Дверь в машине не закрыл. Хрипло и громко из неё теперь поётся: Блистал закат, как сталь клинка!..

– Высоцкий, – говорит Гриша.

– Он, – говорит Фёдор.

– Но, – говорит Коля.

– Деликатес-сы иноземные, – глядя на колбасу и ветчину, говорит Гриша. – У нас родное, натуральное.

– Ну, уж простите.

Сел Фёдор на скамеечку – доску на чурках – рядышком с Колей.

– Не подерёмся?

– Не.

– Как жизнь, сторож? – спрашивает Фёдор.

– Нормально, – отвечает Коля.

– Рад, что нормально, – говорит Фёдор. Бутылку взял с земли, схватил её, вернее, крышку свинтил – так, будто рассердился на неё за что-то вдруг, – почти сорвал. В костёр бросил крышку – чтобы и памяти о ней как будто не осталось.
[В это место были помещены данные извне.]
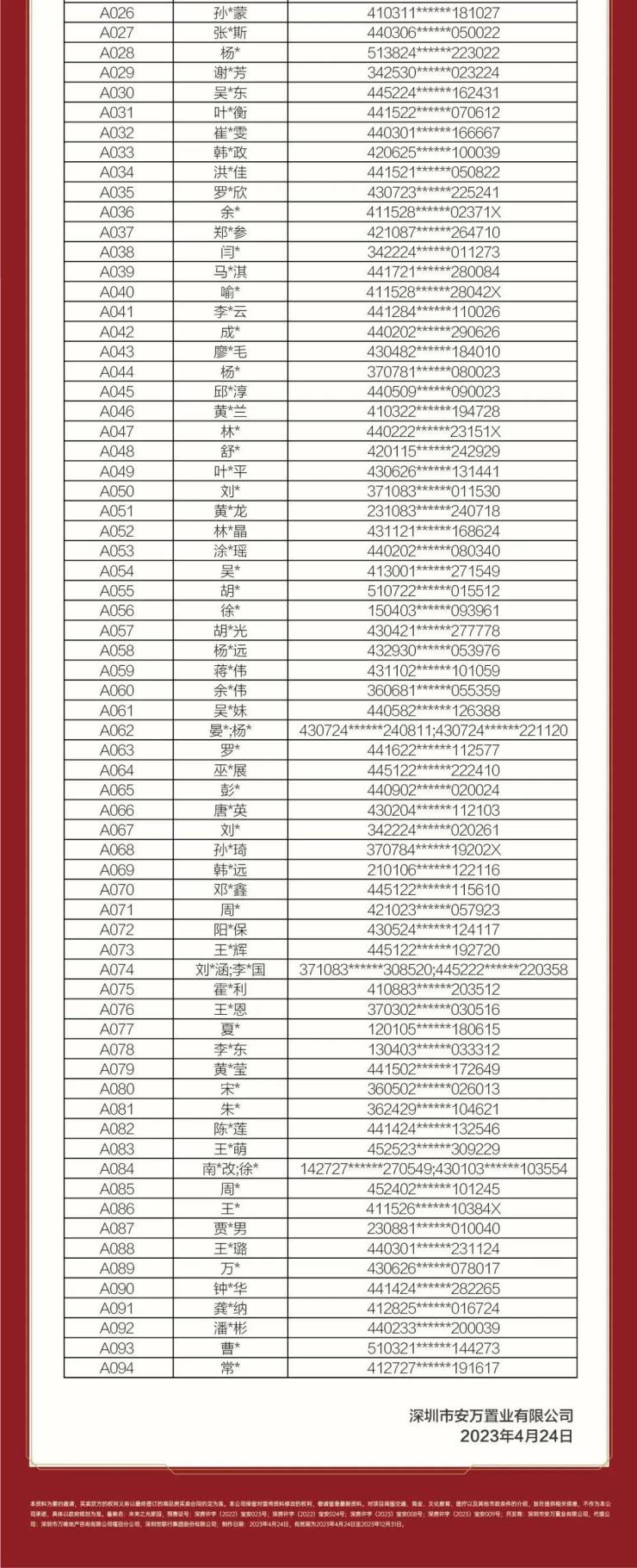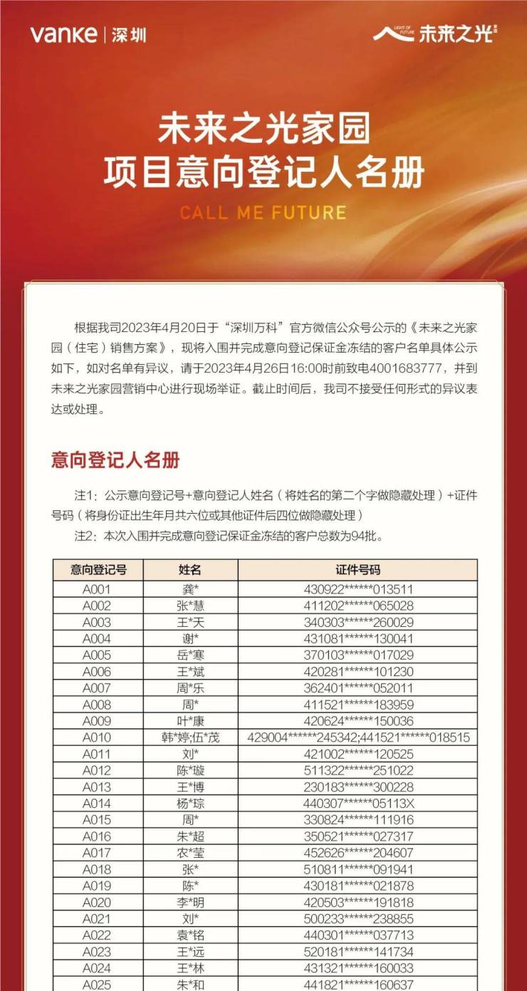 4月24日,宝安尖岗山万科未来之光发布诚意登记名册,共登记94批客户。项目将于4月26日在宝安公证处摇取选房顺序号。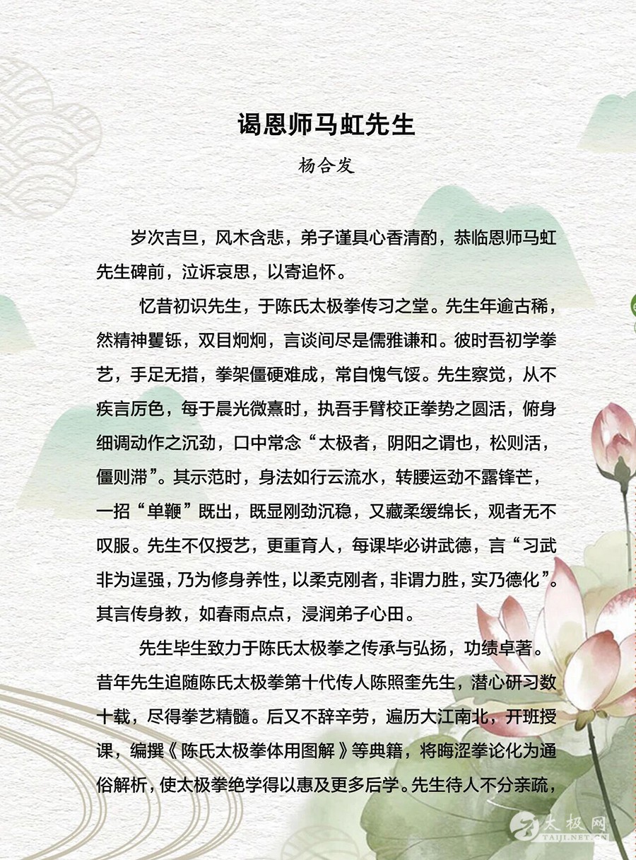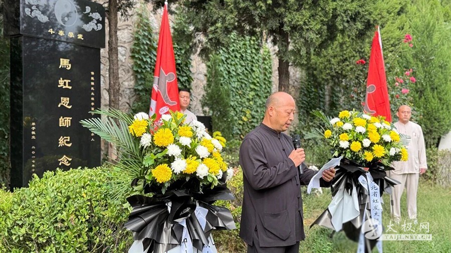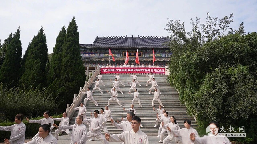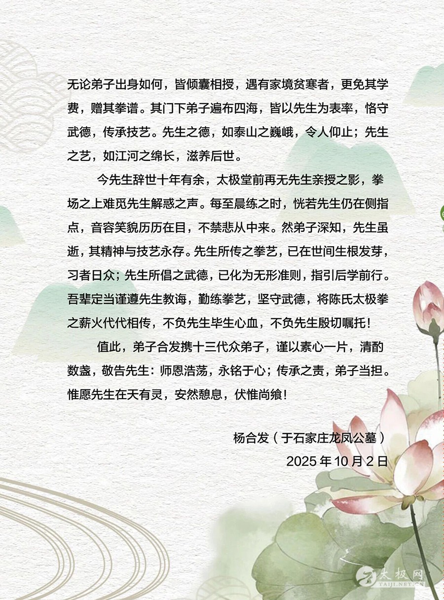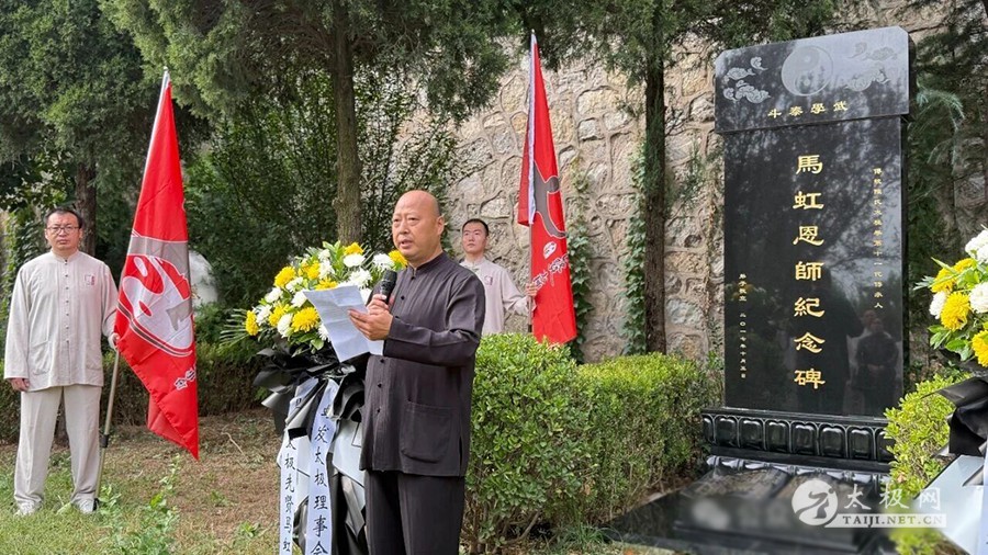 随后,队伍移至马虹恩师纪念碑前,杨合发先生诵读亲笔祭文:“当谨遵先生教诲,勤练拳艺,坚守武德,将陈氏太极之薪火代代相传,不负先生毕生心血,不负先生殷切嘱托”。语至动情处,全场低头致敬。郭彦芬女士寄语年轻一代“以拳载道,以德育人”,铿锵之声回荡碑前。 祭礼毕,弟子们在广场列阵,集体展演陈氏太极拳。松沉弹抖,开合有致,白衣翻飞如浪,拳风掠过松柏,仿佛向先师汇报最新答卷。 “每一次祭拜都是一次启程”。虹发太极将把今日肃穆化作明日动力,继续深耕公益教学、社区推广与国际交流,让马虹精神随拳势传遍五洲。 祝马虹先生拳魂长驻,愿将今日拳声,化明日传承,永护太极星火。

Тряся бутылку, по стаканам нацедил нетерпеливо. – Себе куда-нибудь бы вставил этот шарик – тот, кто придумал этот механизм!.. Налей попробуй!.. Не по-русски.

– Какая-то не наша, что ли? Фирменная, – разглядывает, прищурившись, бутылку и говорит Гриша – так и лежит он на бушлате, не поднялся. Как охотник на привале, ещё б ружьё ему – для образа. Шапку вязаную сдвинул на затылок. – И бутылка-то фигурная, её в музей бы. Не подаришь?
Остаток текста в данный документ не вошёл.